» SOURCE DATA:
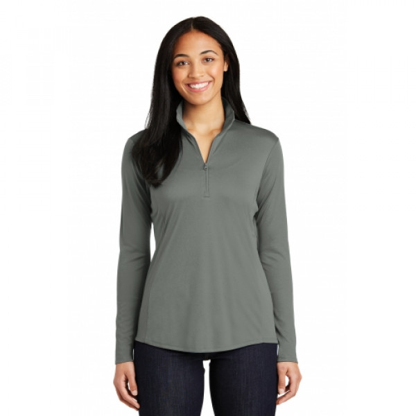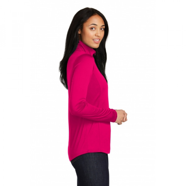 This lightweight pullover locks in color and wicks moisture. It’s versatile enough for year-round wear.::3.8-ounce, 100% polyester interlock with PosiCharge technology::Gently contoured silhouette::Removable tag for comfort and relabeling::Cadet collar::Reverse coil zipper::Princess seams::Set-in sleeves::Open cuffs and hem::Drop tail hem
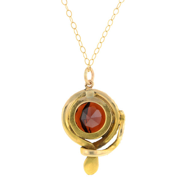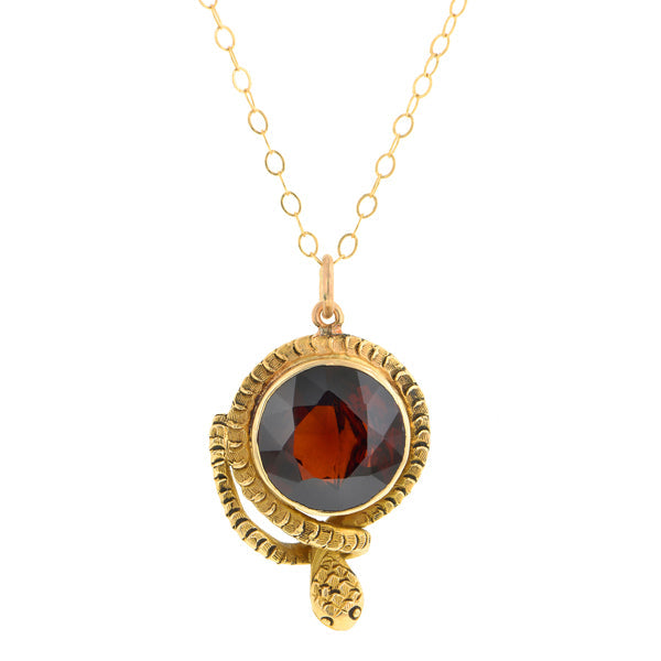 Measuring app. 7/8 (including bail) x 1/2 inch wide, featuring a round faceted garnet measuring app. 9.0mm, framed by an engraved, coiled snake, fashioned in 14k. Suspended from a 16 inch chain. Early 20th century.
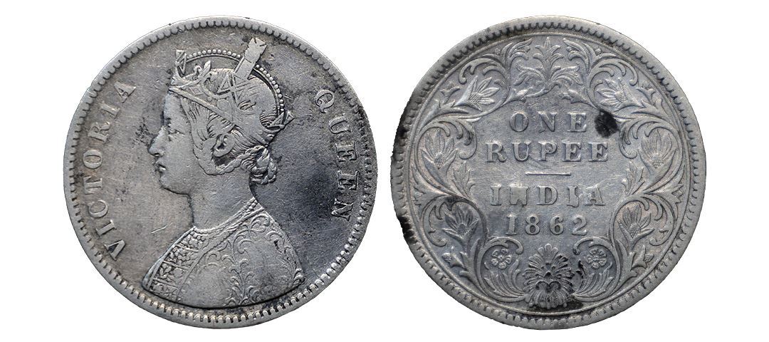 Victoria Queen, Silver Rupee, 1862, A / I, Error in the word "N" of "INDIA".
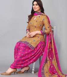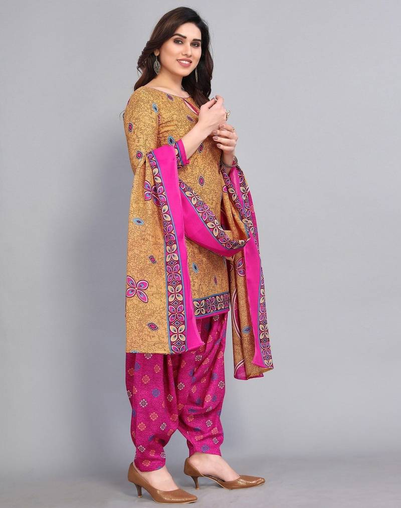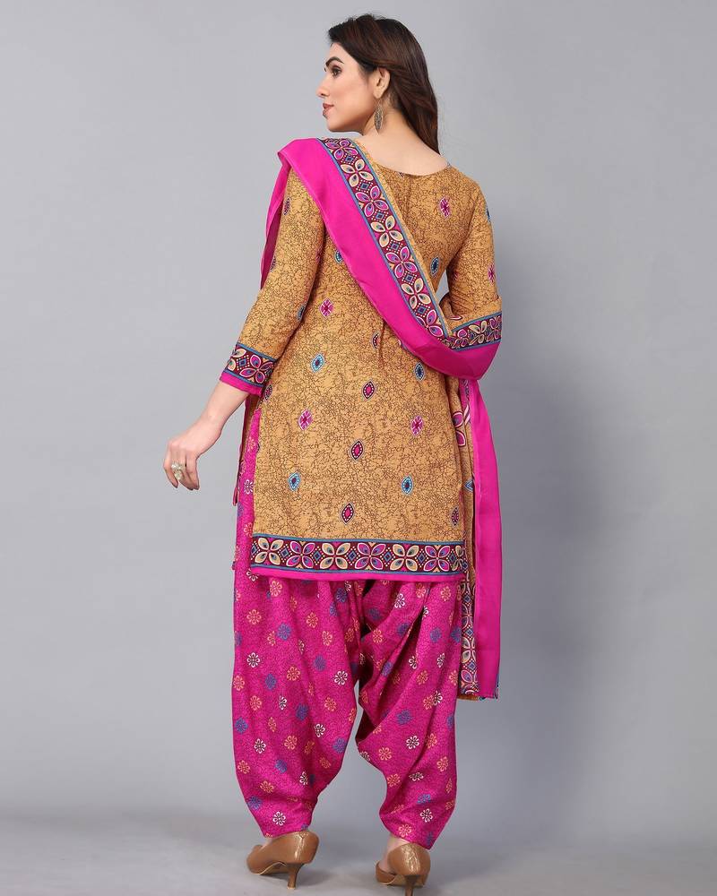 Unstitched printed cotton blend kurta & patiyala dress material with top, bottom & dupatta
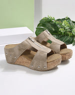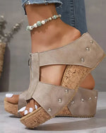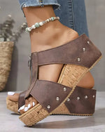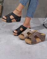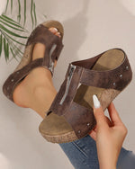 Sandale Vintage Couleur Unie Fleurie Compensée
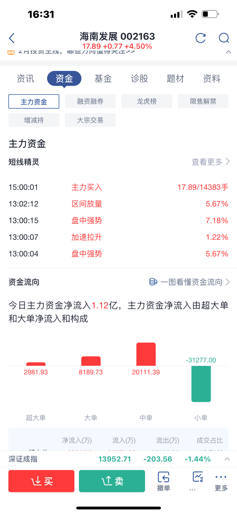 $海南发展(sz002163)$ 这个资金进去的也不少?
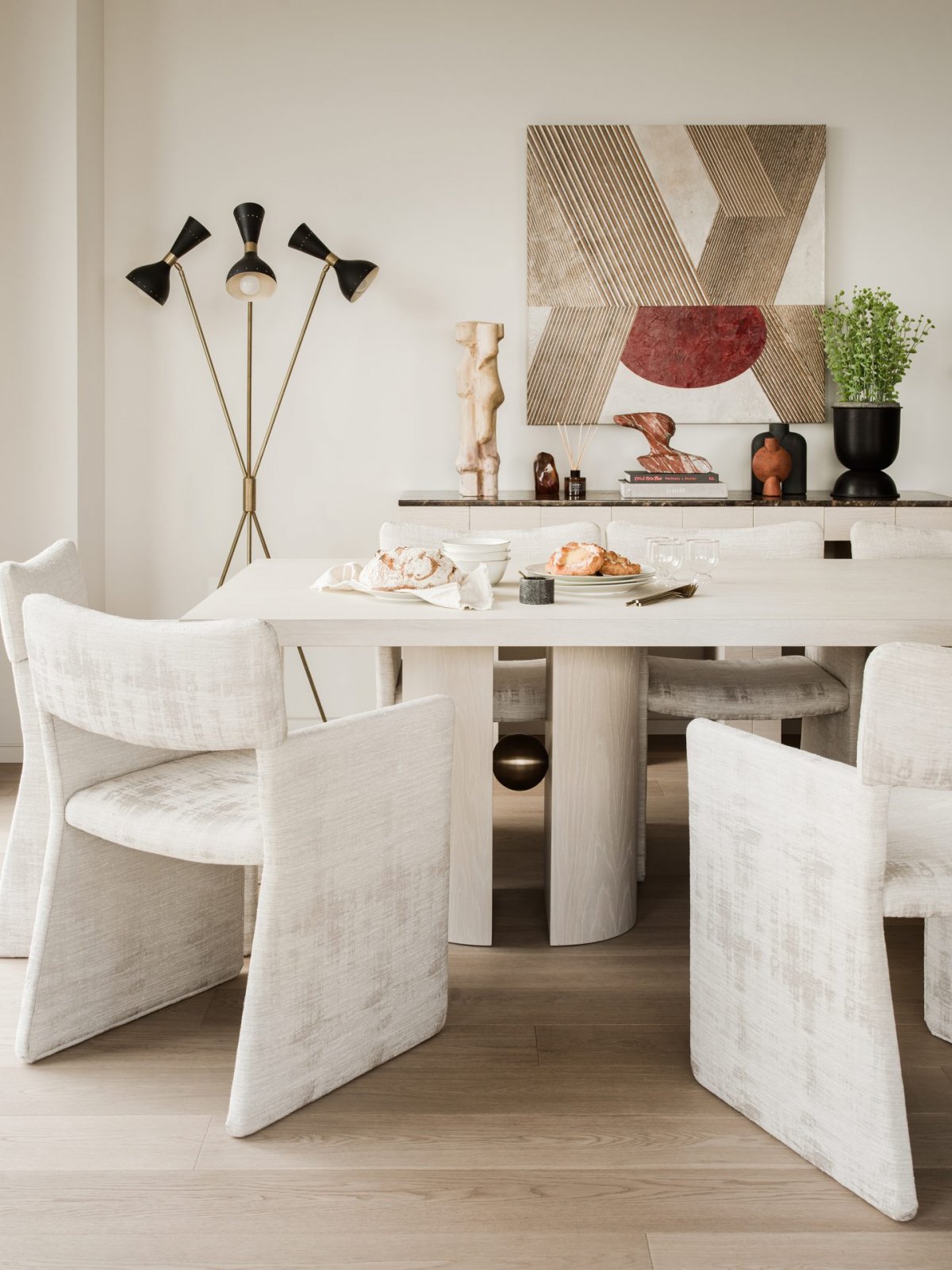 The living room has also been kitted out with a pair of curved cream sofas and a hand-knotted, Himalayan wool and bamboo silk rug; other pieces include a marble and oak console table by a Portuguese maker, and bespoke blonde timber dining table.The colour palette involves burnt oranges and ochres, gold and dark teal, combined with natural textures, velvet and leather.
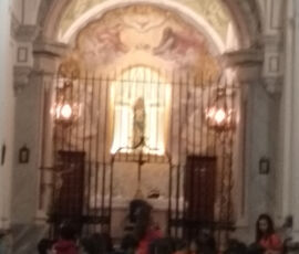 Arribàrem vora les 10.00h. a Alfafara i des d’allí iniciàrem la marxa cap al santuari. Durant el camí hi hagué una activitat pastoral que ajudà els alumnes a reflexionar, conversar i conviure. Una vegada dalt visitàrem el Santuari i la Verge.
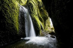 小又川渓谷にある名瀑。滝水に岩漿が浸食されてできた約20平方mの洞窟の内部に滝…
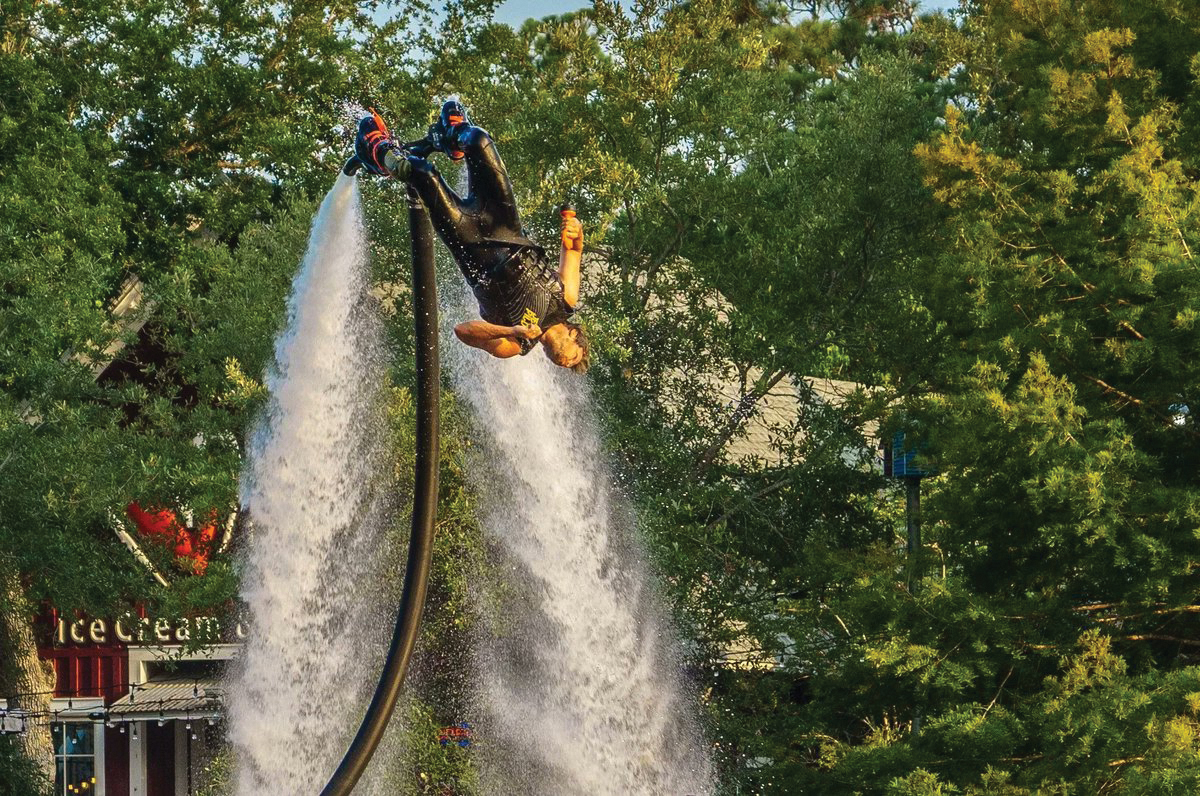 Enjoy shows from fly-board extraordinaire Ben Merrell over the lagoon! Watch as he soars to the sky and makes waves at Baytowne Wharf.
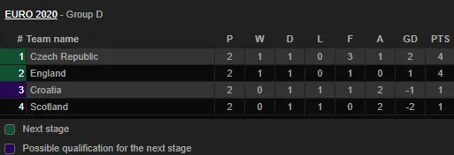 Trong khi đó, Croatia và Scotland đối đầu nhau trong cuộc chiến sống còn. Đội thắng ở cặp đấu này nhiều khả năng vẫn sẽ vào vòng knock-out, ít nhất là với tư cách 1 trong những đội đứng thứ 3 bảng có thành tích xuất sắc nhất.
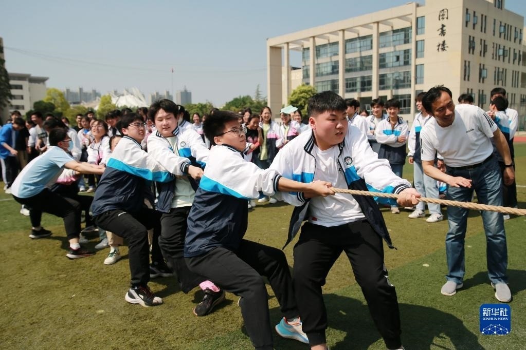 高考臨近,安徽省淮北市第十二中學(xué)組織高三年級(jí)學(xué)生開展豐富多彩的集體減壓活動(dòng),讓學(xué)生們?cè)谌の队螒蛑嗅尫艍毫?,以輕松、樂觀、自信的心態(tài)迎接高考。新華社發(fā)(萬(wàn)善朝 攝)
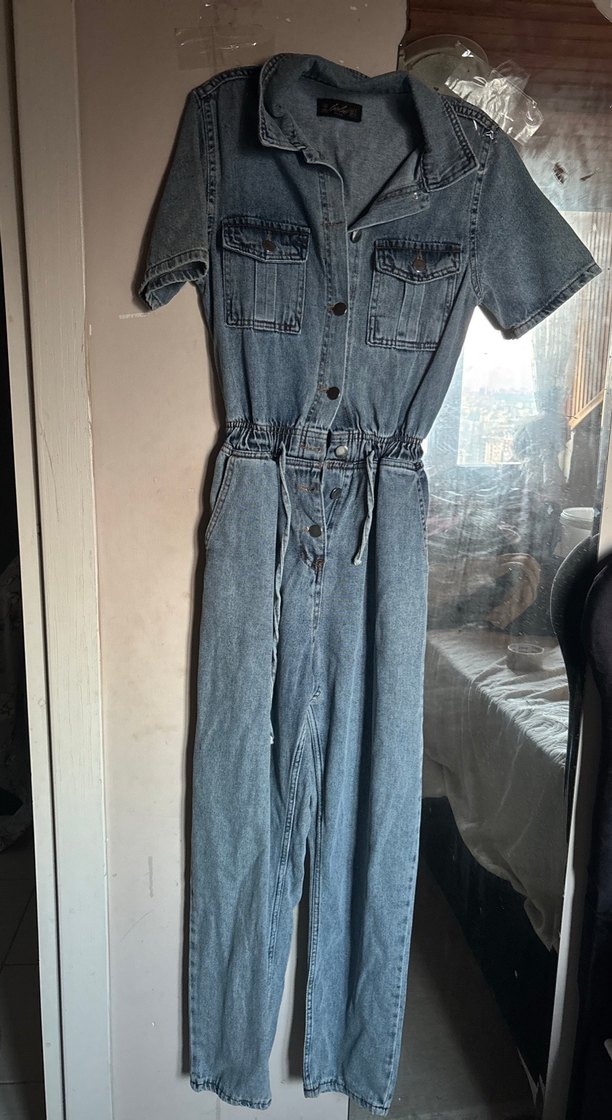 Gri denim kumaştan, düğmeli, bol kesim ve askılı kollu kadın ceket. Sivri yaka ve normal midi boyda, günlük kullanıma uygun.

» THE TASK: Every line from the one with "Measuring app. 7/8" through the one with "Sandale Vintage Couleur" is to be reproduced exactly as written above, and the pictures are to be dropped.

» EXERCISE OUTPUT:
 Measuring app. 7/8 (including bail) x 1/2 inch wide, featuring a round faceted garnet measuring app. 9.0mm, framed by an engraved, coiled snake, fashioned in 14k. Suspended from a 16 inch chain. Early 20th century.
 Victoria Queen, Silver Rupee, 1862, A / I, Error in the word "N" of "INDIA".
 Unstitched printed cotton blend kurta & patiyala dress material with top, bottom & dupatta
 Sandale Vintage Couleur Unie Fleurie Compensée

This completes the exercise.